KQRS-FM (92.5 MHz, KQ92 or 92 KQRS) is a classic rock radio station in the Twin Cities region of Minnesota. The station is licensed to suburban Golden Valley, transmits from the KMSP-TV tower in Shoreview, and is owned by Cumulus Media, with studios in Southeast Minneapolis in the Como district.

History
The original call letters were KEVE-FM and the station was co-owned with sister AM station KEVE. KEVE's AM history predates the FM by 14 years; it launched in May 1948, and was owned by Family Broadcasting until mid-1956 and was known until at least then as KEYD, co-owned with KEYD-TV (now KMSP-TV and launched by Family Broadcasting in January 1955). The KEYD Radio studios were located in downtown Minneapolis on 9th Street off of Hennepin Avenue adjacent to the Orpheum Theatre. Calls were changed to KADM to complement its AM sister (as in "Adam and Eve") in October 1963. A gradual shift from country music to a mix of classical music, show tunes and adult standards began in 1960 and was completed on both stations by March 1963. On December 1, 1964, the call letters for both radio stations became KQRS. The KEVE studios had, by 1957, moved to its transmitter site in Golden Valley at 917 Lilac Drive, set back from Minnesota State Highway 100. This location was the first studio and transmitter site for the station.

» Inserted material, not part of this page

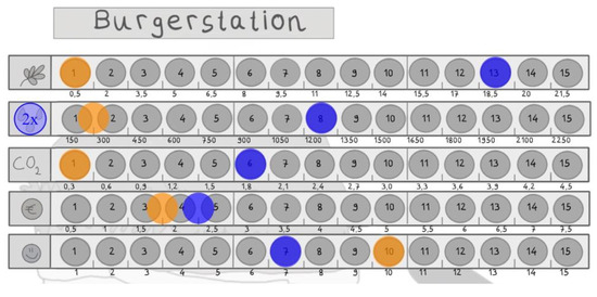 Each player gets their own playing field, the so-called “burger station” (Figure 5, Figure 6 and Figure 7). There are three areas: space for the burger cards, storage for the ingredient cards and a scale for transferring the values. Each category has 15 fields in the scale with linear values that are adjusted to the level of the ingredient values. To further increase the range of values, there is an option to multiply a scale by a factor of two. For example, a double beef patty and a veggie patty differ in water consumption with a difference of 100 L and 3700 L. The multiplicator makes it possible to represent each burger creation in values.

The KQRS call sign stayed with the AM until 1982, when it switched to an oldies format as KGLD before returning to the simulcast and the KQRS calls less than two years later. In 1996, the AM was again split from the FM to become one of the first affiliates of Radio Disney, a format targeting children (see KDIZ). Both stations were owned by Disney at the time. In early 2001, KQRS and KDIZ (along with sister stations 93X and 105.1/105.3/105.7) moved their studios and offices to 2000 Elm Street SE in Minneapolis, near the University of Minnesota campus.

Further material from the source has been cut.